Quadratic interaction terms fitted by Bayesian Variable Selection

Fitting quadratic interactions in jags under Kuo & Mallik variable selection

statistics
code
Author
Affiliation
Published

December 21, 2016

I was recently faced with the challenge of testing the importance of non-linear effects in a linear mixed model with fixed effect interaction terms. This was an extension of previous work in which I fitted a linear mixed model and tested the importance of interacion terms using Bayesian Variable Selection.
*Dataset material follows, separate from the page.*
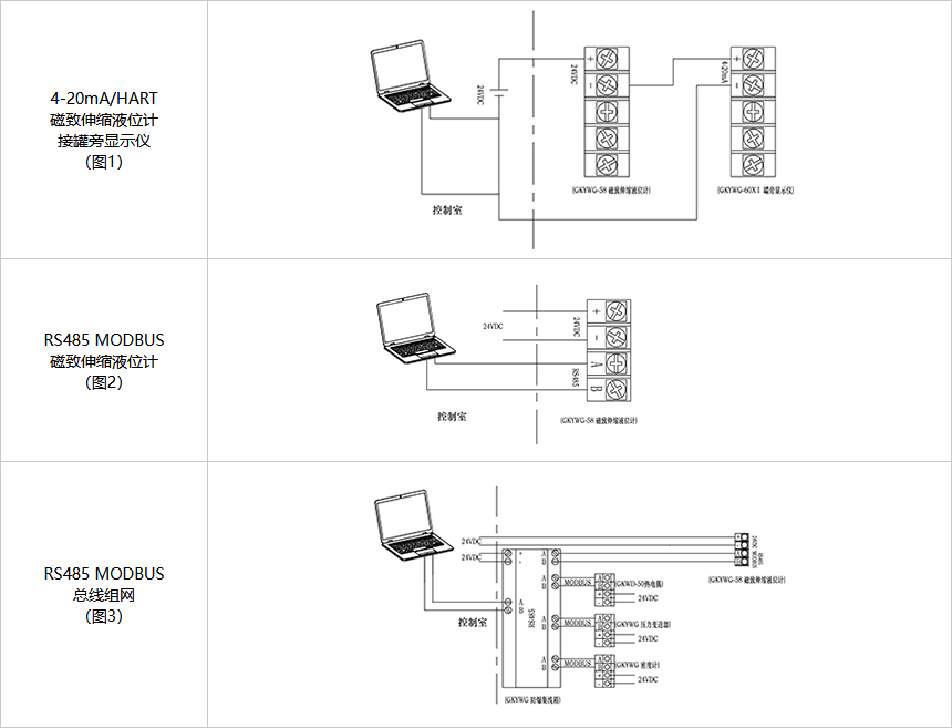 輸出信號4-20mA/HART、RS485 MODBUS可選,可現場指示和遠程進入PLC或DCS系統

Bayesian Variable Selection

Here, I present a short and non-technical summary of Bayesian Variable Selection (BVS) as I am using it, and direct the interested reader to the excellent review by Hooten & Hobbs (2015), featuring the method attributed to Kuo & Mallick (1998) and extended by Ntzoufras (2002). In essence, Kuo & Mallick propose multiplying the coefficent for the \(k\)th explanatory variable \(\beta_k\) by a stochastic Bernoulli indicator variable \(I_k\) that evaluates to \(I_k \in {0, 1}\) so that \(I_{k=1}\beta_k \sim \beta_k\) and \(I_{k=0}\beta_k = 0\). Ntzoufras (2002) extends this to interaction terms by multiplying the coefficient for the \(k\)th explanatory variable measured in the \(j\)th group \(\beta_{k,j}\) by an independent stochastic Bernoulli indicator variable \(I_{k,j}\), the mean of which is used as the probability of including an indicator variable representing the importance of the whole interaction term, \(I_k^{int}\). If the interaction term is judged to be “important”, then the main effect for the \(k\)th explanatory variable should also be retained. This is acheived by specifying the inclusion probability of the main effect \(p_k\) as conditional on the probability of inclusion of the interaction term according to \(p_k=I_k^{int} + (1 - I_k^{int})p_{k,r}\), where \(p_{k,r}\) is the mean probability of including the whole interaction term.

What is “importance”?

In this procedure, the easiest way to describe “importance” is when a coefficient is estimated to be substantially more or less than zero, i.e., the 95% credible intervals do not intercept 0. This is particularly elegant when the data set is large such that the chance of coefficient representing a small effect size is “statistically significant” due simply to the large number of cases.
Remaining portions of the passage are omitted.